6.4 Introduction to Series
A series is "a sum of the terms of a sequence". Simply put, it's a sequence that is seperated by addition signs, not commas.
Example: 4+6+8+10+12 ...
- Series may be described by employing the letter Sigma derived from the Greek alphabet.

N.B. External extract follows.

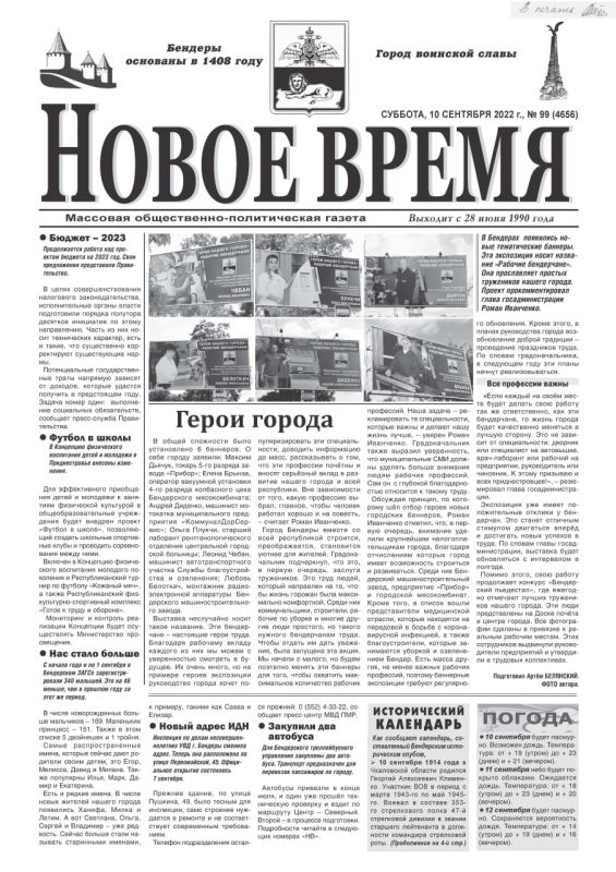 Вышел в свет очередной номер газеты «Новое время»В этом выпуске: В Бендерах появились новые тематические баннеры. Эта экспозиция носит название «Рабочие бендерчане». Она прославляет простых тружеников нашего города. Проект прокомментировал глава...
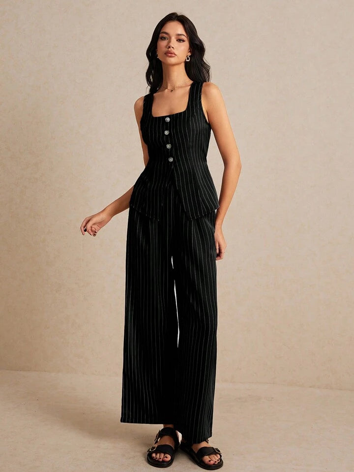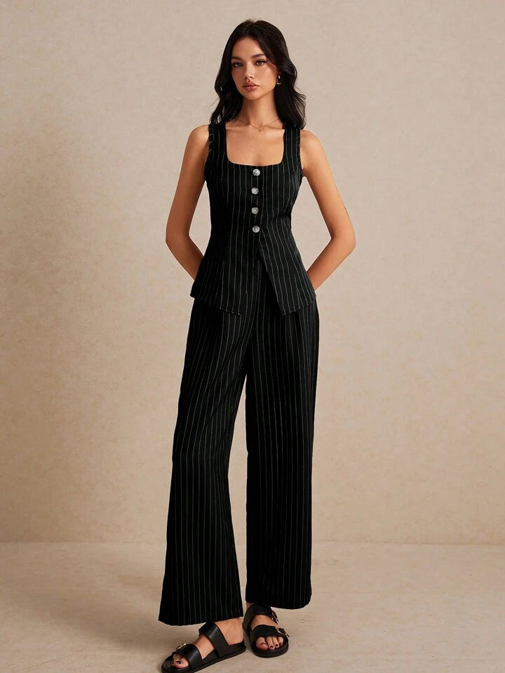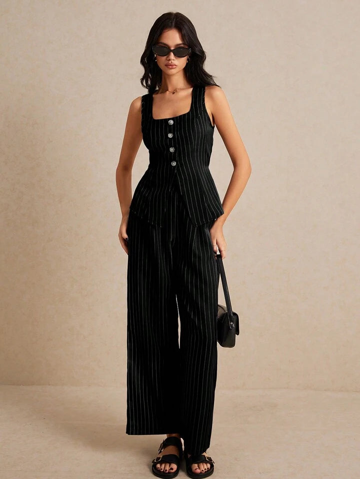 Siyah Çizgili Premium Kumaş Yelek-Pantolon Takım

6.5 Type 1: Arithmetic Series
A series in which the difference between the consecutive terms if consistent.
Ex. 1+3+5+7+9...
*Sn is the sum of the terms in a series
Sn = n/2 (a + tn)
It's all based on Carl F. Gauss' theorem devised at the age of 8. Gauss was punished by his teacher and was instructed to add from 1 to 100. It took him only a moment, since he added the original series (1+2+...100) with its reverse (100+99+...1), multiplied it by the number of terms there are (ie 101) and divided by two.
Ex. "Find the sum of the first 50 terms for -10-12-14..."
Solution:
"S50 = 50/2 [(2(-10) + (50-1) (-2)]
S50= -2950"
Therefore, the sum of the first 50 terms is -2950.
6.6 Type 2: Geometric Series
A series in which the ratio between the consecutive terms is consistent.
Formula:
Sn = a(r^n -1) / r-1
Example: Find the sum of the first ten terms for the series 1+3+9+27...
S10 = 1(3^10-1) / 3-1
S10 = 59048/2
S10 = 29524
Therefore, the sum of the first 10 terms is 29524.